> _Task goal_: Retype, exactly and with nothing added, the lines from the one showing "RiteAV 4 Speaker" through the final line of the material. Omit pictures.

> _Data excerpt_:
================================

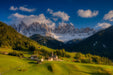 Eine Dolomitenszene wie aus dem Bilderbuch für Ihr Zuhause. Im Vordergrund ein malerisches Bergdorf mit einem charmanten Kirchlein, eingebettet in sanfte Wiesen und dichte Wälder. Dahinter erhebt sich eine atemberaubende Kulisse schroffer, angezuckerter Gipfel, die die Erhabenheit der Natur eindrucksvoll widerspiegeln. Die Komposition aus unberührter Landschaft und traditioneller Architektur vermittelt Ruhe, Geborgenheit und eine tiefe Verbindung zur Natur. Ein Bild, das Sehnsucht weckt und Ihrem Raum alpine Eleganz verleiht.
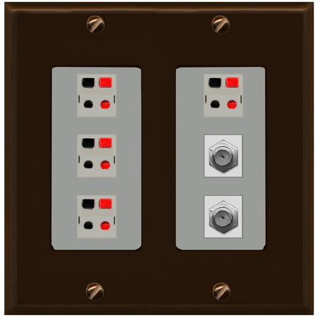RiteAV 4 Speaker 2 Port Coax Cable TV Wall Plate - 2 Gang [Brown/Gray]
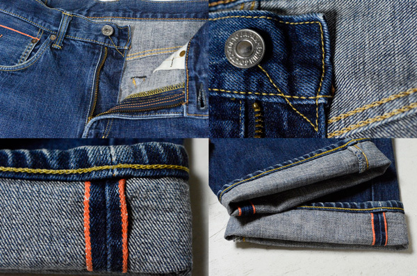 当時ジーンズがWORK WEARとしての用途で製造されており、大戦中という時代背景から限られた物資で丈夫な物作りを強いられていた時代のジーンズをイメージし、単一番手・単一色の縫製糸を使用し、12針以上の細かいミシンピッチで縫製。 太目の武骨なジーンズが40年代のヴィンテージジーンズを象徴しています。

================================

> _Result of the exercise_:
RiteAV 4 Speaker 2 Port Coax Cable TV Wall Plate - 2 Gang [Brown/Gray]
 当時ジーンズがWORK WEARとしての用途で製造されており、大戦中という時代背景から限られた物資で丈夫な物作りを強いられていた時代のジーンズをイメージし、単一番手・単一色の縫製糸を使用し、12針以上の細かいミシンピッチで縫製。 太目の武骨なジーンズが40年代のヴィンテージジーンズを象徴しています。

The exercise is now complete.